Q.E.D. or QED is an initialism of the Latin phrase quod erat demonstrandum, meaning "that which was to be demonstrated". Literally, it states "what was to be shown". Traditionally, the abbreviation is placed at the end of mathematical proofs and philosophical arguments in print publications, to indicate that the proof or the argument is complete.

Etymology and early use

The phrase quod erat demonstrandum is a translation into Latin from the Greek ὅπερ ἔδει δεῖξαι (hoper edei deixai; abbreviated as ΟΕΔ). The meaning of the Latin phrase is "that which was to be demonstrated" (with demonstrandum in the gerundive). However, translating the Greek phrase ὅπερ ἔδει δεῖξαι can produce a slightly different meaning. In particular, since the verb "δείκνυμι" means both to show or to prove, a different translation from the Greek phrase would read "The very thing it was required to have shown."

The Greek phrase was used by many early Greek mathematicians, including Euclid and Archimedes.

The Latin phrase is attested in a 1501 Euclid translation of Giorgio Valla. Its abbreviation q.e.d. is used once in 1598 by Johannes Praetorius, more in 1643 by Anton Deusing, extensively in 1655 by Isaac Barrow in the form Q.E.D., and subsequently by many post-Renaissance mathematicians and philosophers.

Modern philosophy

Philippe van Lansberge's 1604 Triangulorum Geometriæ used quod erat demonstrandum to conclude some proofs; others ended with phrases such as sigillatim deinceps demonstrabitur, magnitudo demonstranda est, and other variants.

During the European Renaissance, scholars often wrote in Latin, and phrases such as Q.E.D. were often used to conclude proofs.

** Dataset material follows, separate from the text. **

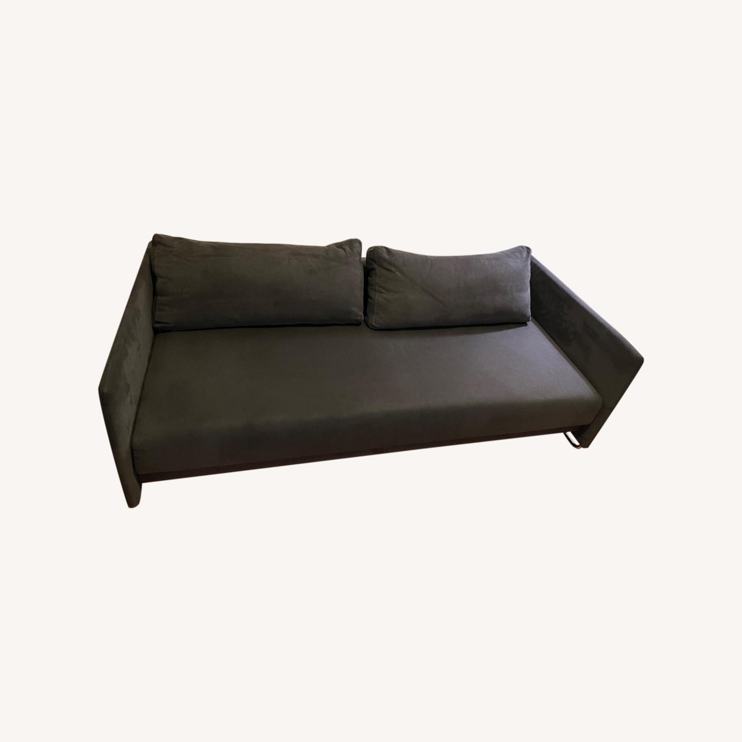 Seller's Notes:No longer sold in stores, this versatile CB2 sleeper sofa has a small footprint that converts easily into a full sized bed. It’s in pristine condition after being used mainly as a bed (a mattress or foam mattress topper has always been used with it and has kept the upholstery in like new condition). Comes with 2 large back pillows that have not been used.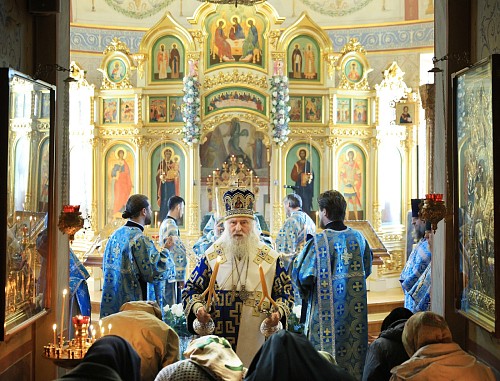 Его Высокопреосвященству сослужило монастырское духовенство.

Spinoza's original text of Ethics, Part 1, Q.E.D. is used at the end of Demonstratio of Propositio III on the right hand page

Perhaps the most famous use of Q.E.D. in a philosophical argument is found in the Ethics of Baruch Spinoza, published posthumously in 1677. Written in Latin, it is considered by many to be Spinoza's magnum opus. The style and system of the book are, as Spinoza says, "demonstrated in geometrical order", with axioms and definitions followed by propositions. For Spinoza, this is a considerable improvement over René Descartes's writing style in the Meditations, which follows the form of a diary.

Difference from Q.E.F.

There is another Latin phrase with a slightly different meaning, usually shortened similarly, but being less common in use. Quod erat faciendum, originating from the Greek geometers' closing ὅπερ ἔδει ποιῆσαι (hoper edei poiēsai), meaning "which had to be done". Because of the difference in meaning, the two phrases should not be confused.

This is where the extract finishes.